WORK TO COMPLETE:
The answer must consist only of the lines in the records below from the line with "Die Wände der" to the line with "2023 KIA TELLURIDE", both included, copied word for word with every picture left out.

[Stored records]
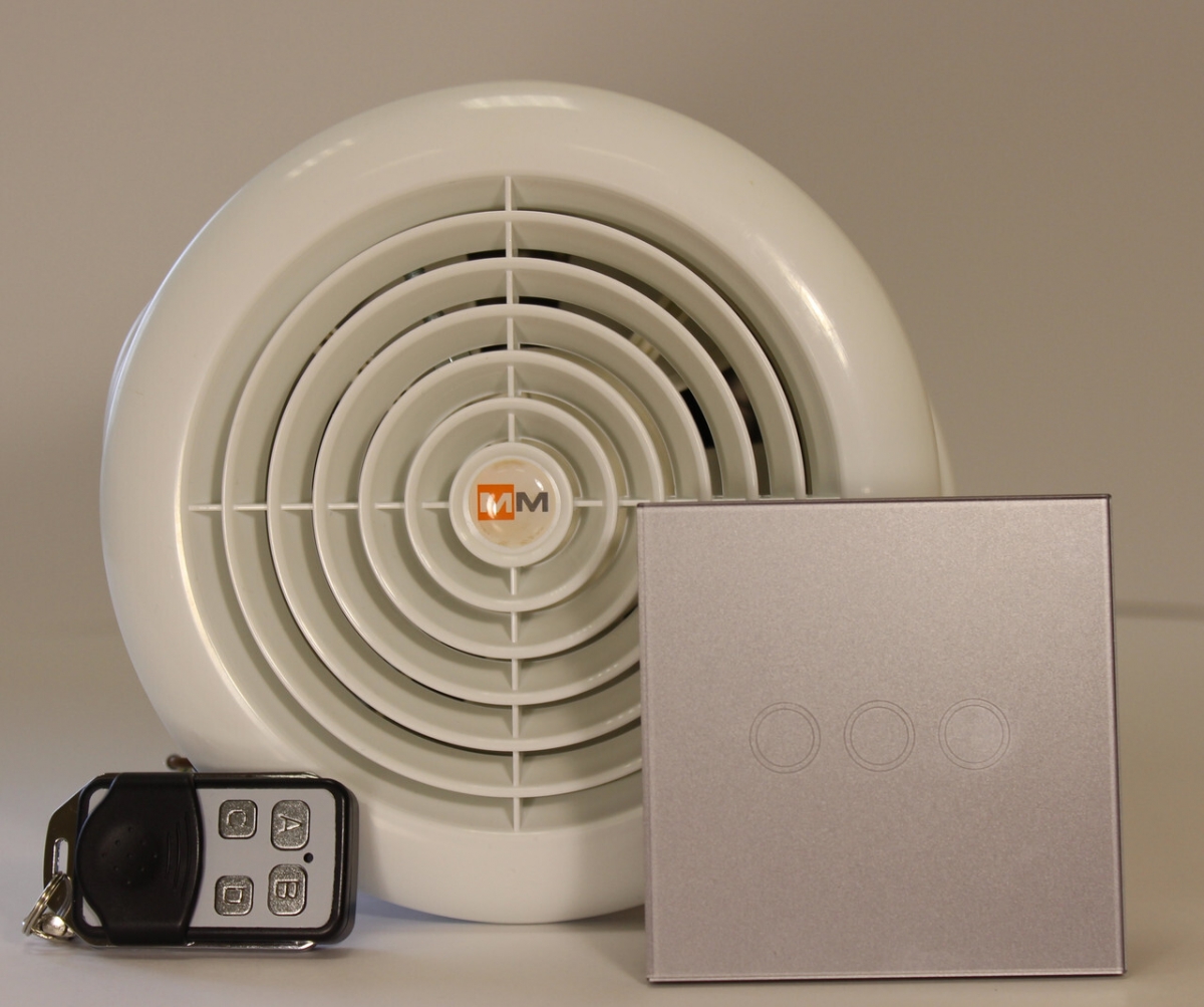 TkV-05 RF-SW "Арктика" приточная с подогоревателем. Беспроводный пульт ДУ (радиоканал 433 МГц) в комбинации с настенным сенсорным переключателем, управление по Wi-Fi, 3 скорости, 50/100/150 м³/ч, 1200 Вт (эл. Калорифер) + 20 Вт (вентилятор), встроенный термостат (менее +16ºС- вкл., более +29ºС- выкл.), обратный клапан, фильтр (угольный + G4). Минимальная толщина стены 270 мм, Ø 170 мм . Внутренняя решётка — круглая, белая
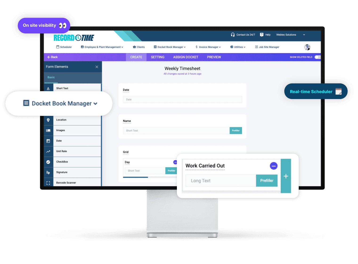 Record Time’s easy-to-use job management app gives you everything you need to run the site, minus the paperwork headache.
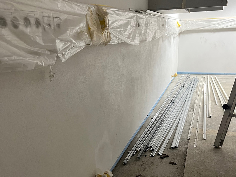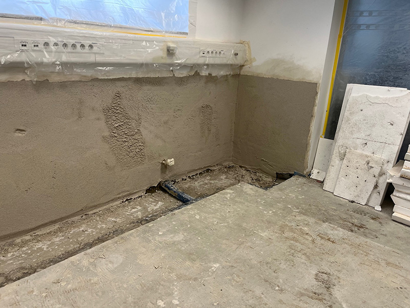 Die Wände der als Büro- und Laborräume genutzten Räumlichkeiten wiesen sichtbare Schäden wie Blasenbildung am Putz und Farbschäden auf. Eine Laborprobe ergab, dass der Feuchtigkeitsgehalt der Kelleraußenwände zu hoch war.
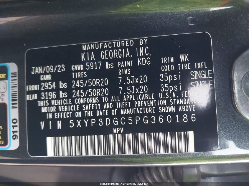2023 KIA TELLURIDE 2023 року Бензин, 3.8, Повний привід, vin - 5XYP3DGC5PG360186 з США
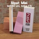 En optimal uppsättning stenar att slipa med är tre st, En grov, medium och en fin. Om ni har en sten i spannet nedan, ja då har ni det ni behöver i det segmentet. Sedan behöver ni en i varje segment, om ni vill slipa från slött till vasst. De superfina stenarna polerar mer än de slipar och är till för att ta bort repor i stålet. Med rätt teknik kan du spegel polera ett stål så att du får ett ”Kill Bill” blad.
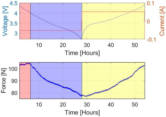 Dilatometry measurements can also be used to assess the force exerted by the cell expansion rather than measuring the expansion itself. Berckmans et al. [112] investigated the influence of external pressure on battery cells by measuring the force exerted by the cell undergoing expansion. Two different chemistry types where evaluated. The first cell was constructed with an NMC532 cathode, and the second with an NMC622 cathode. Both cells used an anode made of a silicon–graphite alloy. The measurement apparatus used was similar to that demonstrated in Figure 3b; however, the dial gauge was replaced with a force sensor between the top mounted plate, and a pressure plate was placed on top of the battery cell. Figure 5 shows the voltage and current in the top graph from the OCV test, whereas the lower graph shows the exerted force. The measurements demonstrated that the force curve could be divided into three main stages. The first stage (colored red in Figure 5) shows nearly constant force. This could be explained by the quantity of graphite in the anode alloy, which experiences less volume expansion than silicon during intercalation [113]. Delithiation in graphite occurs at potentials of 0.1– vs. Li/Li+, whereas in silicon, lithium deintercalates at potentials of 0.3– vs. Li/Li+ [42,114,115,116]. Berckmans et al. [112] also demonstrated that there was no C-rate dependency on the induced force due to intercalation.
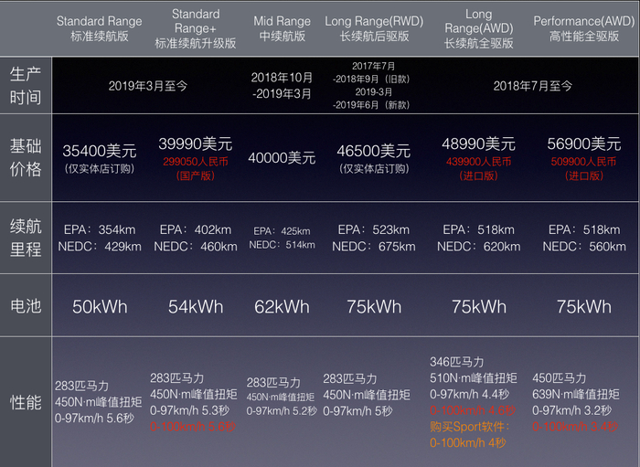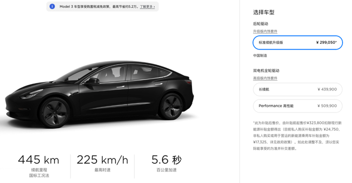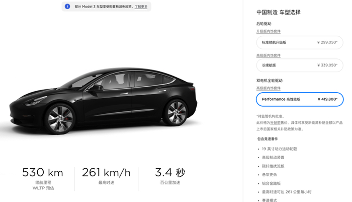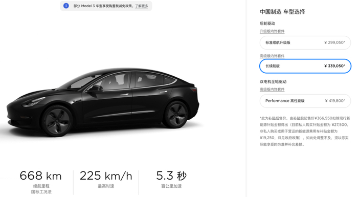 然而事情并没有这么简单,特斯拉在4月10日中午突然官宣,Model 3最长续航版本开启预订,售价为补贴后339050人民币,续航668km(国标工况),实际续航约为590km(EPA);但于此同时还公布了Performance版本也将国产化。

RESULT OF THE EXERCISE:
 Die Wände der als Büro- und Laborräume genutzten Räumlichkeiten wiesen sichtbare Schäden wie Blasenbildung am Putz und Farbschäden auf. Eine Laborprobe ergab, dass der Feuchtigkeitsgehalt der Kelleraußenwände zu hoch war.
2023 KIA TELLURIDE 2023 року Бензин, 3.8, Повний привід, vin - 5XYP3DGC5PG360186 з США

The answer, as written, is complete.